Telling myself he had always been like this.

That nothing had changed.

Because I couldn’t face myself if it had.

Three

MALCOLM

Ellie’s apartmentwas too fucking small.

I’d known it from the first time I stepped inside. One cramped little room with no real walls—just a half-formed kitchen, a couch shoved into the corner, and a sad excuse for a nest she had to tear down every morning just to make space.

It wasn’t right. Wasn’t fair. Omegas were supposed to have rooms for their nests—realones, permanent spaces, somewhere safe and untouched, somewhere no one else could go.

Not this.

I tightened the wrench in my grip, forcing my fingers to loosen before I snapped the fucking thing in half.

“This faucet’s a piece of shit,” I muttered, twisting the rusted pipe under her sink.

Ellie glanced up from her phone, frowning. “Mal, you don’t have to?—”

“I got it,” I cut in, not looking at her.

She sighed, but I could feel her watching me—feel the way she hesitated, like she wanted to argue but knew it wouldn’t doany good. Because it wouldn’t. I wasn’t going to sit here and watch her live like this. She deserved more.

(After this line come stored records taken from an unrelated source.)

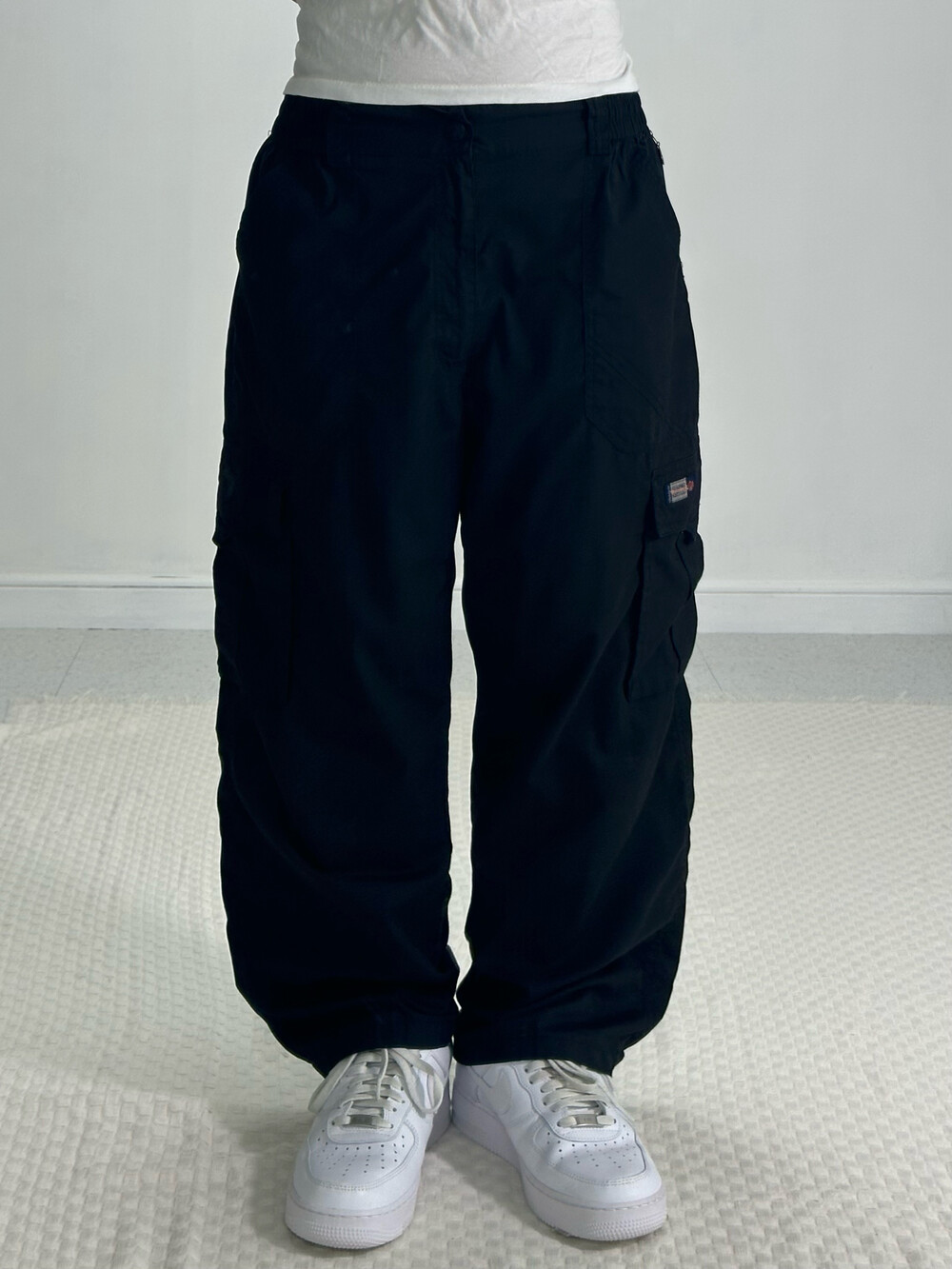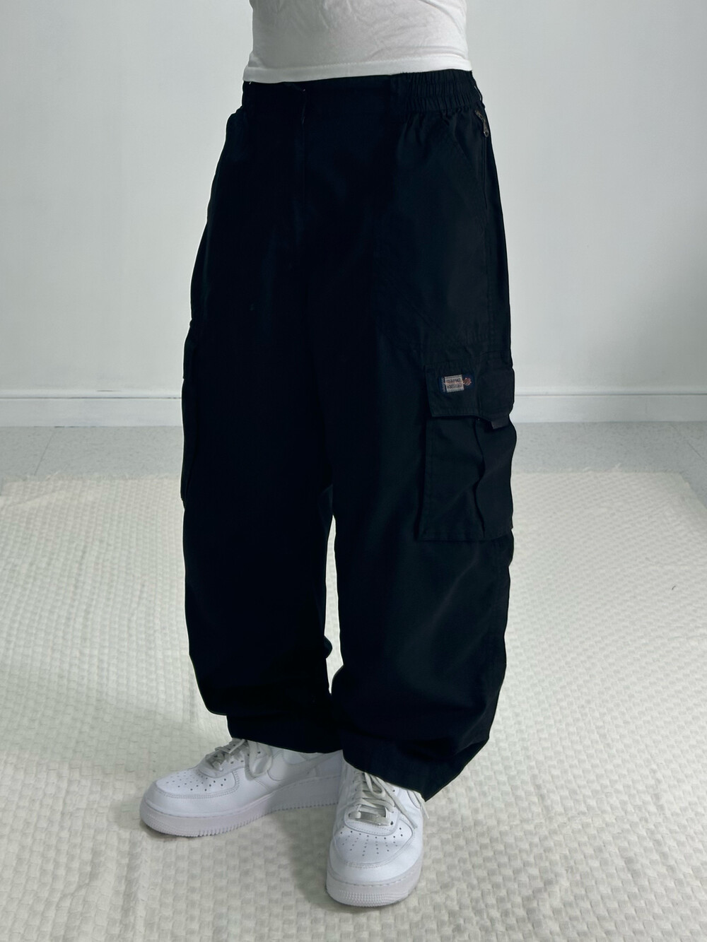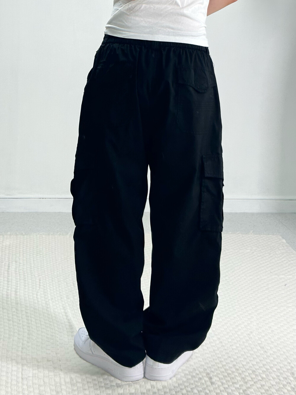 •무오데 인기 디자인 블랙카고팬츠에요! 원단이 가벼운걸 선호하시는분께 추천드리구! 깔끔하게 떨어지는 핏입니당-
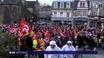 Environ 1.200 personnes ont selon la police manifesté mercredi 4 mars à Villedieu-les-Poêles (Manche), pour soutenir les salariés de l'abattoir AIM qui emploie plus de 350 personnes mais menace de fermer. La commune est devenue ville morte pendant plus de deux heures. Durée: 01:54
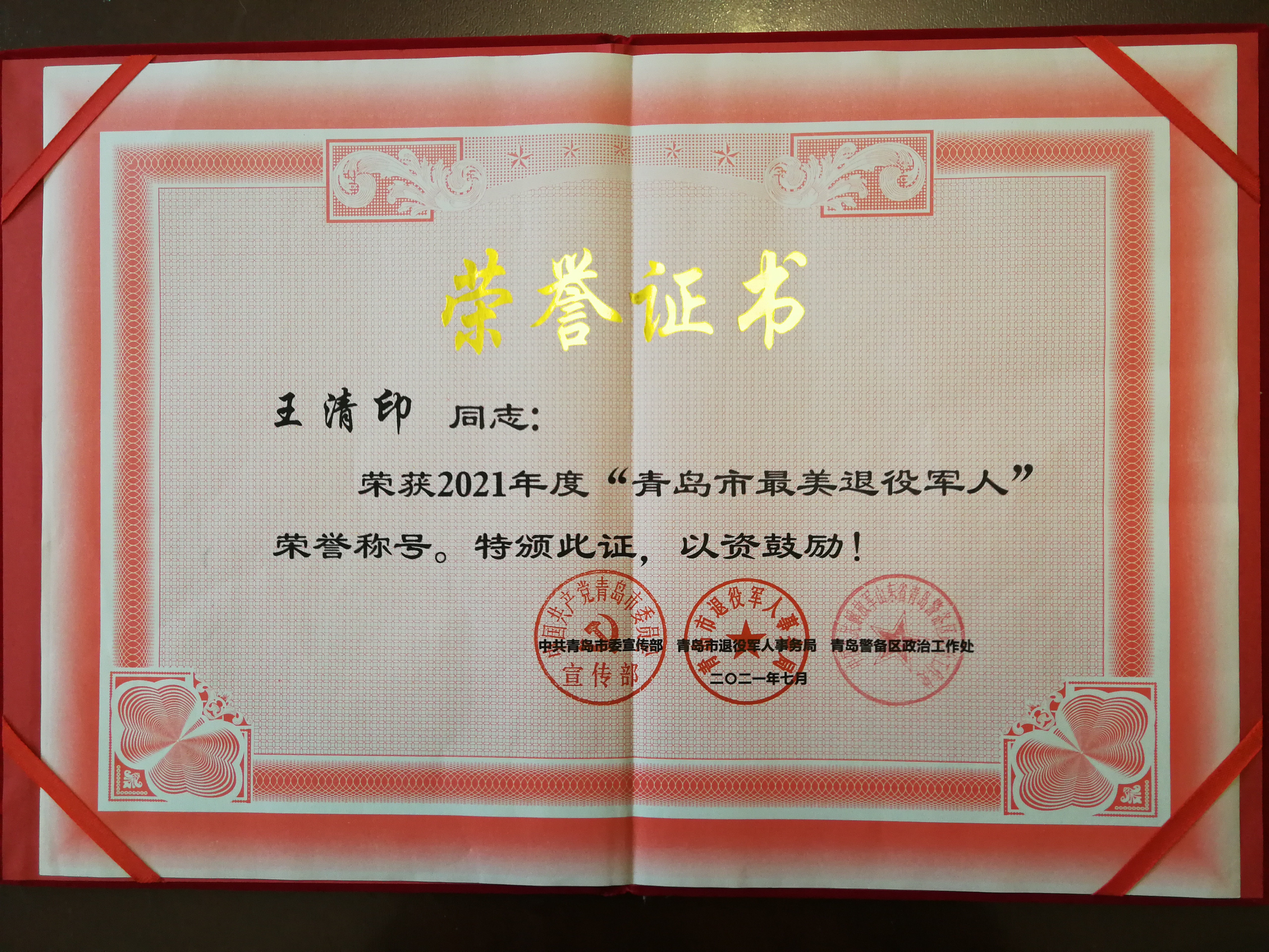 7月29日下午,在第94個“八一”建軍節(jié)來臨之際,由青島市委宣傳部、青島市退役軍人事務(wù)局、青島警備區(qū)政治工作處等部門聯(lián)合舉辦的“2021年度青島市最美退役軍人”頒獎活動在青島市軍隊離休退休干部活動中心隆重舉行。中國水產(chǎn)科學(xué)研究院黃海水產(chǎn)研究所原所長王清印榮獲“2021年度青島市最美退役軍人”稱號。
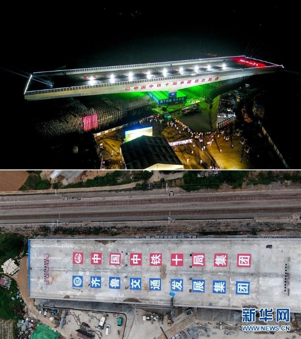 上图:新台高速公路山东平邑段跨兖石铁路转体桥进行转体作业中;下图为跨兖石铁路转体桥实施转体作业前画面(6月28日摄,拼版照片)。记者 郭绪雷 摄
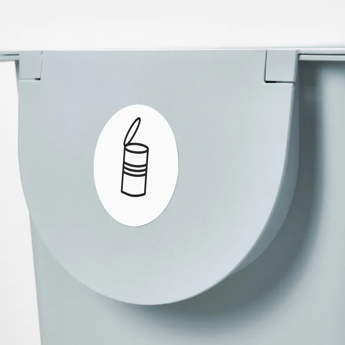 Набор включает в себя 12 круглых наклеек с различными символами, которые облегчают правильную сегрегацию отходов.
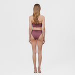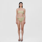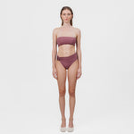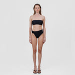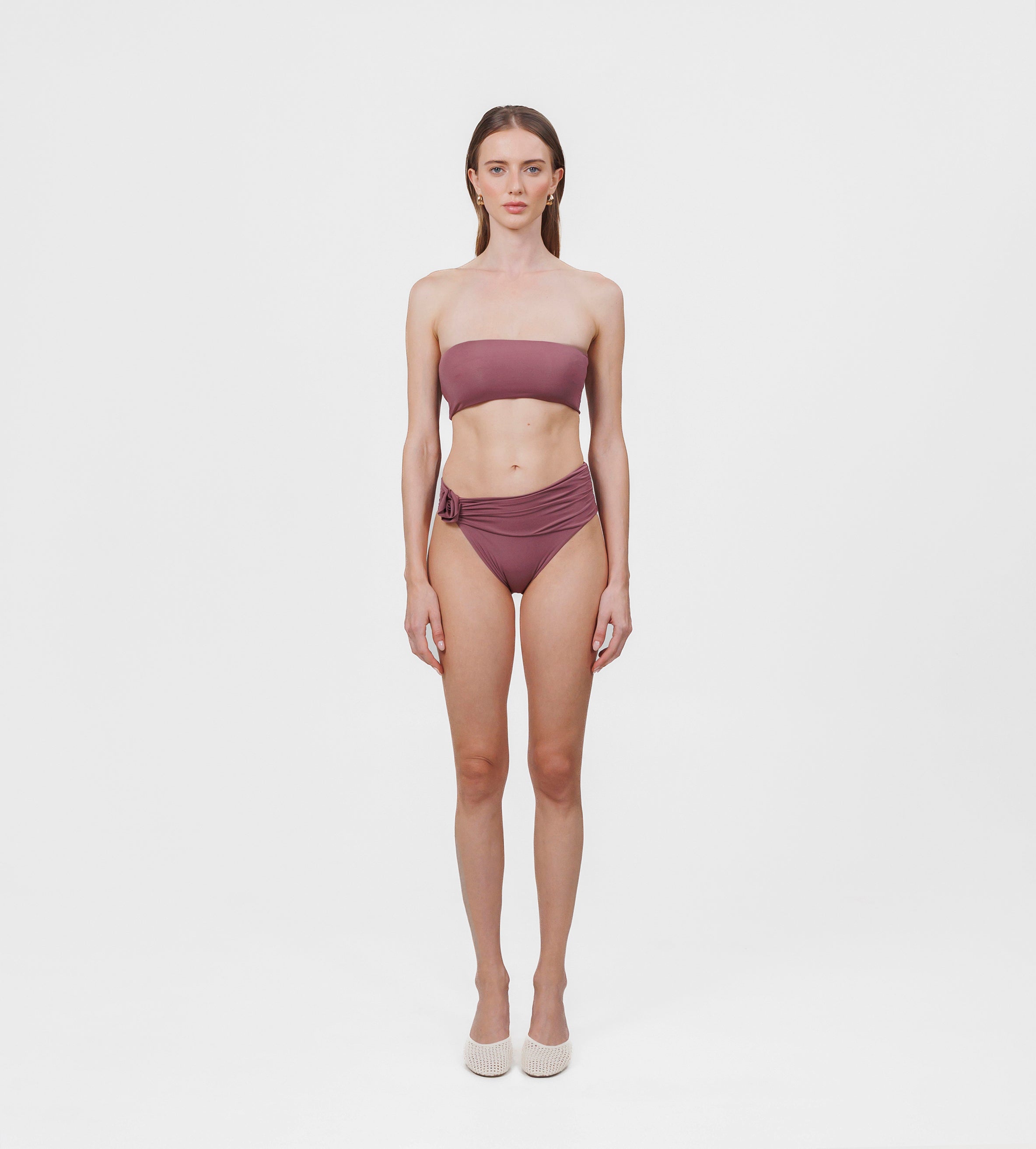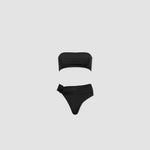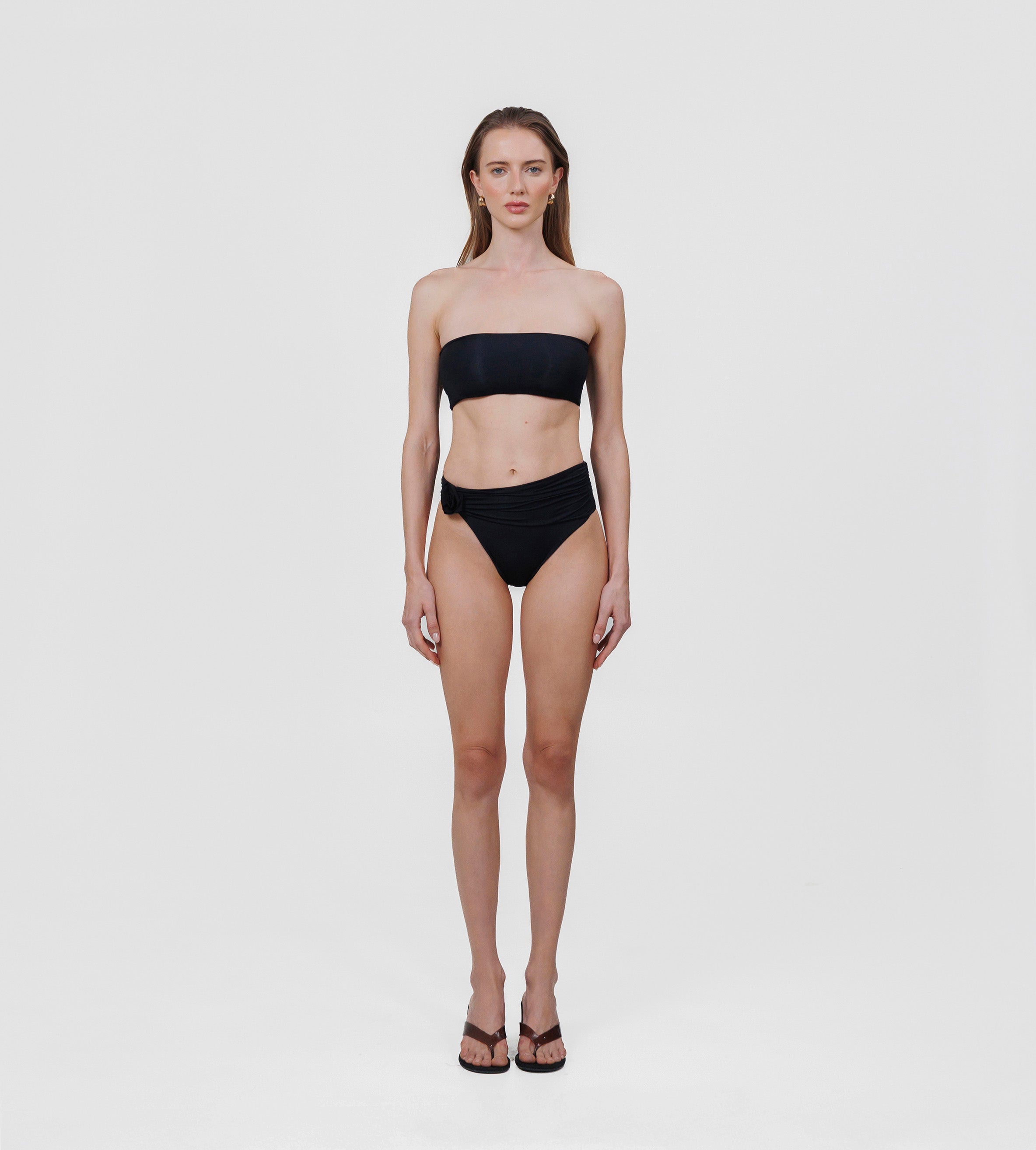 The Alheli two-piece features a sleek bandeau top, perfect for effortless day-to-night styling. Paired with high-waisted, medium coverage bottoms showcasing an asymmetric design with a ruched detail gathered by a 3D floral embellishment at the side, beautifully contouring the silhouette.

I had spent the past three years fixing every fucking thing I could for her—changing her air filters, oiling the squeaky hinges on her doors, replacing burnt-out light bulbs before she even noticed they were out. Anything to make her life easier. Anything to keep her safe. Because if she wasn’t okay, nothing was okay.

I swallowed hard, forcing myself to focus on the task in front of me, but my chest was too tight, my skin too hot. Every time I left, the hollow ache in my ribs got worse. Every time she looked at me like I was just her friend, the sharp edge of it sank in deeper.

She was my everything. And she didn’t even fucking know it.

“Mal.” Her voice was softer this time. I heard the way she shifted, the small sound of her phone being set on the counter.

I didn’t look up. Didn’t want to see whatever expression was on her face—grateful, confused, something else. Instead, I turned the wrench again, felt the pipe finally give, the last bit of rust cracking under my grip.

Fixed.

Just like everything else. Just like what she did to me.

“There,” I said, wiping my hands on the rag beside me before pushing to my feet. “It won’t leak anymore.”

Ellie shook her head, a soft smile playing at her lips. “You’re ridiculous, you know that?”

I hummed, grabbing a beer from her fridge like it was mine. Because it was. Because I stocked it.

She watched me, her phone lighting up where she’d left it on the counter.

I already knew what it was before she even reached for it. I took a slow sip, waiting.

I knew the second she got the notification. She made this little noise, barely a sound, but I caught it—the tiny hitch in her breath, the flicker of excitement that tightened her shoulders before she forced herself to relax.

I rolled the bottle between my fingers as she opened the TCI app.

I hated that fucking thing. Hated the way it gave her hope, like it was anything more than a system designed to set her up for disappointment. As if I’d ever let a match work out because a lab said that my Ellie was compatible with some fucking douchebag.

But I said nothing. I just let my eyes skim over her face, tracking every little change as she read the results.